Wciaz czekam na propozycje dotyczace tego jakie jeszcze many chcielibyscie miec po polsku.

W planach po man genlop i man eix mamy tez many malo znanych, ale bardzo uzytecznych programow z pakietu portage-utils, jestesmy tez otwarci na wszelkie inne propozycje. Mozecie je wpisywac w tym watku.  :Smile: 

Pozdrawiam,

Łukasz

----------

## YANOUSHek

 *rane wrote:*   

> [...]  "interface" -> "miedzymordzie" 

 

Ja tam nie wiem jak u Was, ale u mnie na uczelni jeden z profesorów (podkreślam profesorów) powiedział, że to jest najbardziej poprawna wersja tłumaczenia. Tak samo jak:

 *Znany profesor wrote:*   

> Double-click == dwumlask

 

----------

## rane

 *Kurt Steiner wrote:*   

> Jesli mozna to chetnie zajme sie tlumaczeniem manów do genlopa i eiksa

 

Wpisuje Ci na poczatek man genlop.  :Smile: 

Jesli do man eix nie zglosi sie nikt inny, a Ty bedziesz w tym czasie gotow do pracy to dostaniesz i jego.

Pozdrawiam,

Łukasz

----------

## shadoww

 *YANOUSHek wrote:*   

>  *rane wrote:*   [...]  "interface" -> "miedzymordzie"  
> 
> Ja tam nie wiem jak u Was, ale u mnie na uczelni jeden z profesorów (podkreślam profesorów) powiedział, że to jest najbardziej poprawna wersja tłumaczenia. Tak samo jak:
> 
>  *Znany profesor wrote:*   Double-click == dwumlask 

 

Było już tyle różnych stworków, że ho ho.  :Wink:  Np. scheduler == planista.

----------

## qoob

A czy ja bym mogł być tym "innym"  :Wink:  do tłumaczenia eix-a? Co prawda jestem zupełnie nowy na tym forum, ale byłby świetny początek  :Very Happy: .
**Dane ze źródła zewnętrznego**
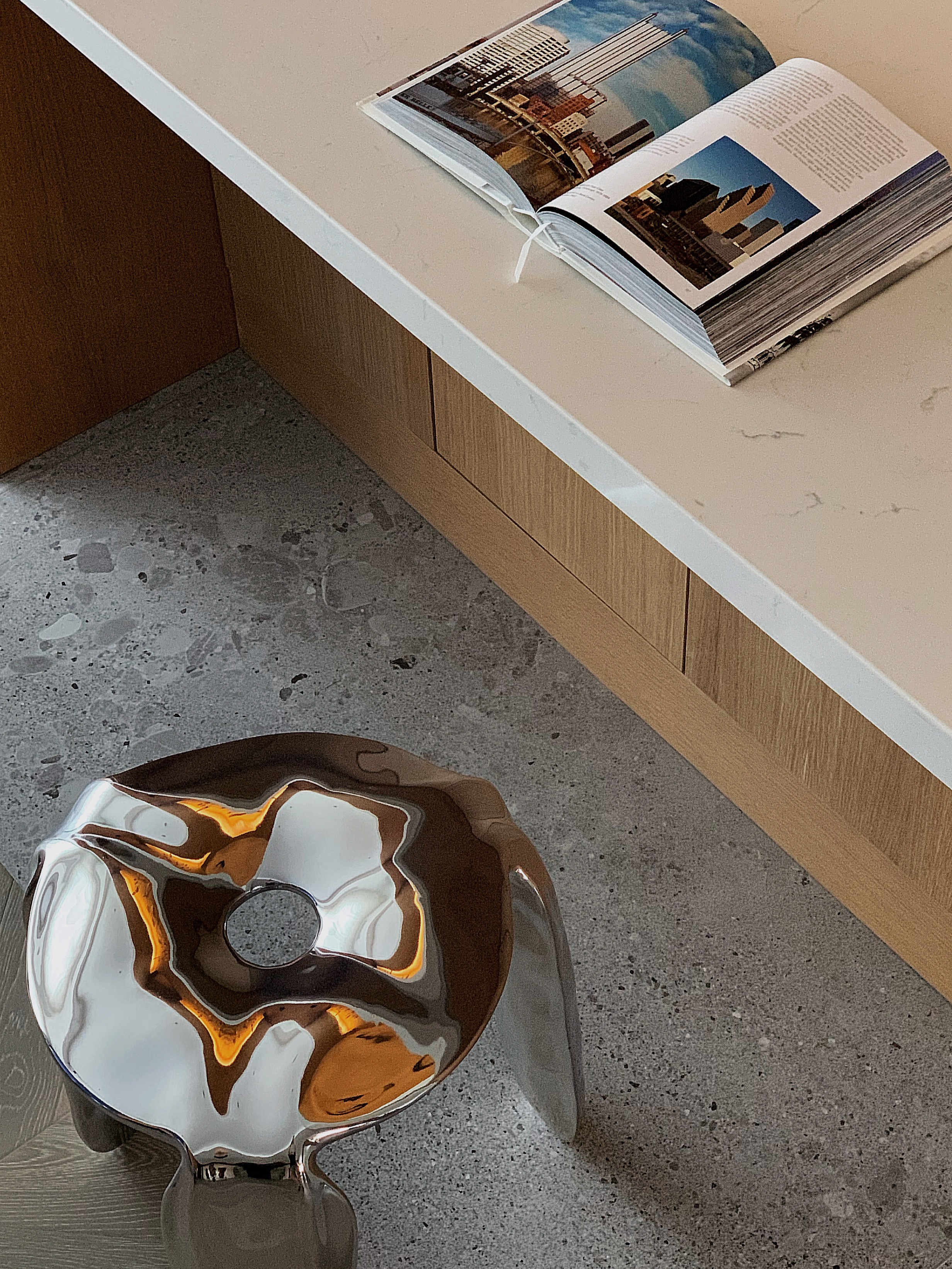 客厅水吧台同时也兼有阅读功能,和客厅沙发及单人位形成三点呼应交流。
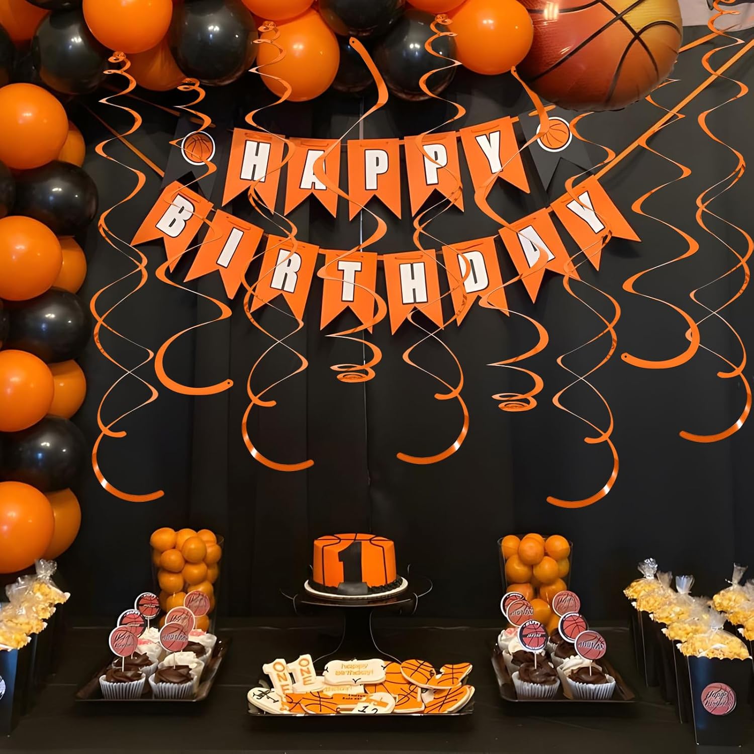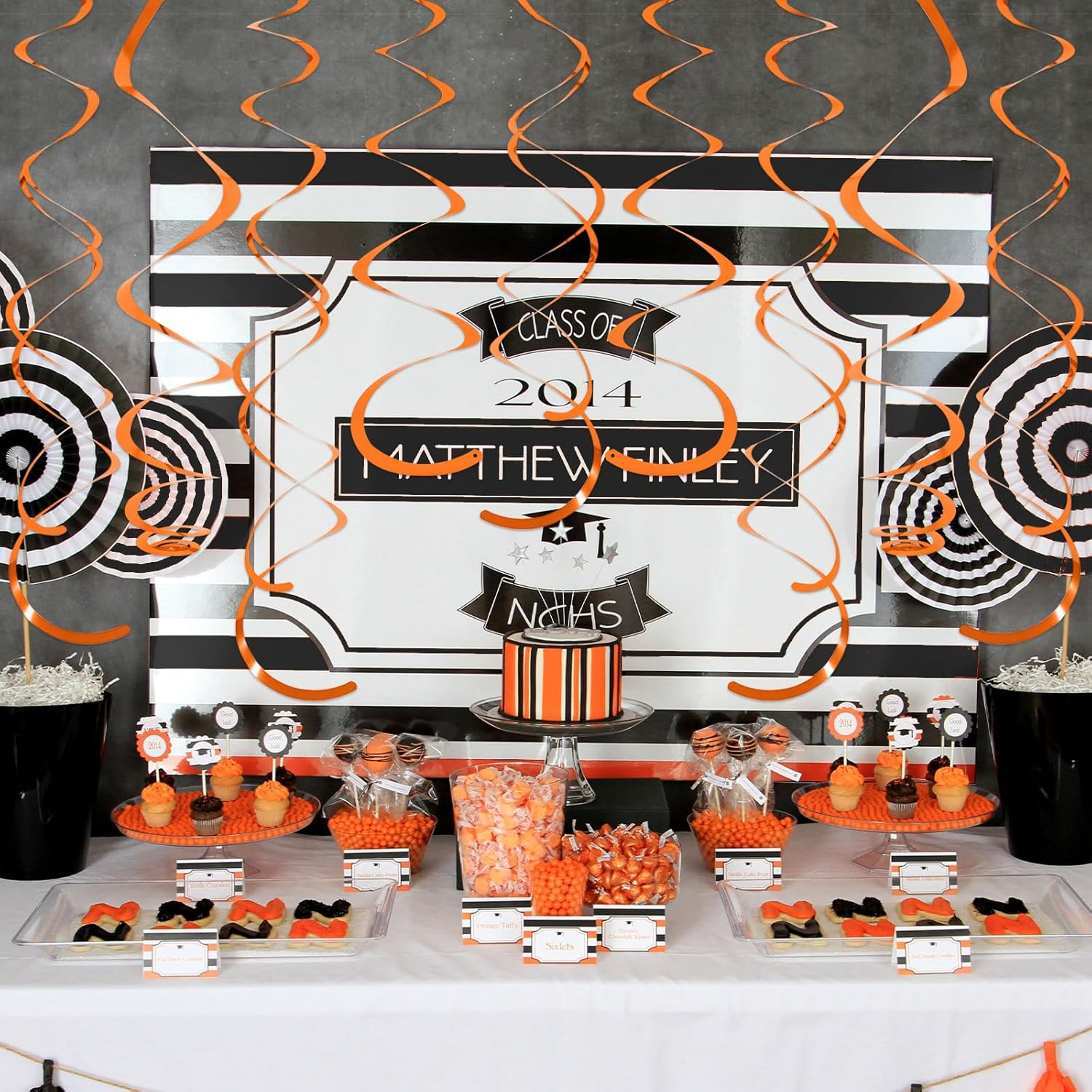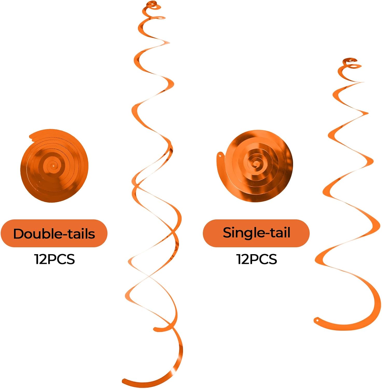 24 PCS Orange Hanging Swirl, Sparkle Ceiling Decorations, Plastic Streamer Party Decorations with Double-Swirls and Single-Swirls for Birthday Decorations, Graduation, Halloween, Baby Shower

Zaznaczam, że będę mógł się do tego zabrać dopiero w poniedziałek (13 lutego).

Pozdrawiam,

Grzesiek

----------

## rane

 *qoob wrote:*   

> A czy ja bym mogł być tym "innym"  do tłumaczenia eix-a? Co prawda jestem zupełnie nowy na tym forum, ale byłby świetny początek .
> 
> Zaznaczam, że będę mógł się do tego zabrać dopiero w poniedziałek (13 lutego).
> 
> Pozdrawiam,
> ...

 

Zgoda.

Nie przejmuj się brakiem doświadczenia, przed trafieniem do ebuildu tekst przejdzie bardzo wnikliwą weryfikację i najwyżej wróci do Ciebie kilkaset razy z uwagami zanim zostanie opublikowany.

Wszystko jest rozdane, mam nadzieje zebrac do soboty many z portage, zrobic wstepny ebuild, potem zebrac many z gentoolkit, dopisac je do ebuildu, potem dodac eix i genlop i zamknac na razie sprawe. 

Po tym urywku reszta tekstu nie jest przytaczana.